IPM Take
This is not another Ebola numbers update. It is a warning about what happens when outbreak control loses the people it is trying to protect. In eastern DRC, health workers are not only fighting a virus. They are fighting displacement, poor sanitation, fear, burial trauma, misinformation, shortages and memories of violence against responders. The political truth is brutal: contact tracing cannot work in communities that do not trust the people doing the tracing.
Executive Summary
Reuters reported that confirmed Ebola cases in the Democratic Republic of the Congo had risen to 782, including 181 confirmed deaths, after 72 new cases were documented in 24 hours. A separate Reuters report described health workers struggling to contain Ebola in displacement camps as distrust grows, including in Kpangba camp, home to around 30,000 people. WHO’s latest Disease Outbreak News reported rapid case growth, geographic spread and cross-border transmission to Uganda, with response efforts complicated by insecurity, disrupted surveillance and limited access in affected areas.
Why it matters
- Public authorities: Need outbreak response that is trusted locally, not only technically correct.
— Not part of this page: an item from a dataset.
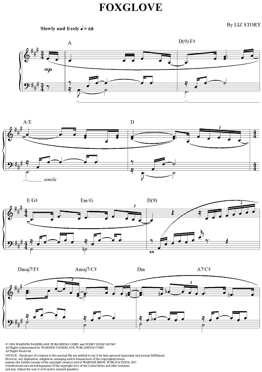 Digital Sheet Music for Foxglove by Liz Story scored for Piano Solo; id:131754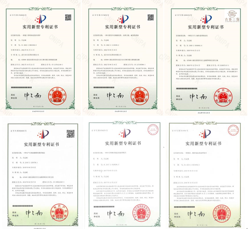 圖為呂志斌在制香領(lǐng)域榮獲多項(xiàng)國(guó)家發(fā)明專利

- Health workers: Face risk from infection, shortages, insecurity and community hostility while trying to trace contacts and provide care.
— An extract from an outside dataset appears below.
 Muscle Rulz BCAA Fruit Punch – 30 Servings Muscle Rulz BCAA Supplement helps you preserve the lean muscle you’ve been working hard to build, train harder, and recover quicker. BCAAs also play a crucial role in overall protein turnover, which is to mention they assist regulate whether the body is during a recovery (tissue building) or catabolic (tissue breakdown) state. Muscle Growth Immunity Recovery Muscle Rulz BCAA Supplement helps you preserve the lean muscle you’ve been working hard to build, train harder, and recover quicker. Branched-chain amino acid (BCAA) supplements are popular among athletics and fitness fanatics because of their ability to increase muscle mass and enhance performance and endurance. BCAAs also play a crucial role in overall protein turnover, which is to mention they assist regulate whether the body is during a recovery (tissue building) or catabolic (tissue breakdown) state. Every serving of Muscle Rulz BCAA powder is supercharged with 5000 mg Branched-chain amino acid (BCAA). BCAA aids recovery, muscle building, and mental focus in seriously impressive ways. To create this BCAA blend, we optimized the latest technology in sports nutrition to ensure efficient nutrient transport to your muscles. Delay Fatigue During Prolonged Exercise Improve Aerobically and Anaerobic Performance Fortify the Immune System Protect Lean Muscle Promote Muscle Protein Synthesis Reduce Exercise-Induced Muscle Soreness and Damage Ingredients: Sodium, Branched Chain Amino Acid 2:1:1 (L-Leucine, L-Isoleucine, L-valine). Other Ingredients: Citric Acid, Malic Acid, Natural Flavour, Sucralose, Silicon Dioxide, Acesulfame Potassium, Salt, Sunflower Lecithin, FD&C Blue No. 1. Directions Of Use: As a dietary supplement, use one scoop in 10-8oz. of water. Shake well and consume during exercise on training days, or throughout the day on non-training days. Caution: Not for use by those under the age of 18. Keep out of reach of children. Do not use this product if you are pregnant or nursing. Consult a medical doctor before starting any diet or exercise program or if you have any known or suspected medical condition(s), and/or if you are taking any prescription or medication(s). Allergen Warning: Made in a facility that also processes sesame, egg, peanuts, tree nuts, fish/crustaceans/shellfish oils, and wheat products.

- Displaced communities: Need protection that recognises overcrowding, poor sanitation, fear, grief and the reality of life in camps.
The virus is spreading. But so is distrust.
That is the harder story from eastern Congo. Reuters reports that after Ebola-related deaths in Kpangba displacement camp, health workers tried to trace contacts but were forced away by angry residents who denied that the deaths were caused by Ebola. The result is dangerous: authorities are trying to stop transmission while flying partly blind.
The camp context changes everything. Kpangba is home to around 30,000 displaced people. The wider Nizi health zone has 22 displacement sites with more than 81,000 residents. Across the three affected provinces, Ituri, North Kivu and South Kivu, more than five million people are displaced. In some camps, hundreds of people may share one toilet and open defecation is common. This is exactly the environment where a fast-moving outbreak can exploit every weakness in the system.
The response is also carrying old wounds. Several treatment sites have reportedly been attacked by people angry about burial restrictions or convinced that Ebola is a hoax. Memories of the 2018 to 2020 eastern Congo outbreak, when violence targeted health facilities and killed more than 25 health workers, still hang over today’s response.
The human reality is painful. A family loses someone and is told how burial must happen. A health worker tries to trace contacts and is seen as an outsider. A displaced mother hears rumours in a camp where sanitation is failing and help arrives late. Public health may call it resistance. Communities may experience it as fear, history and lack of control.
For IPM, the lesson is clear: outbreak readiness is not only beds, tests and personal protective equipment. It is social permission. If communities do not trust the pathway, the pathway collapses. Ebola control now depends on whether responders can rebuild enough trust to find the next case before the next chain of transmission takes hold.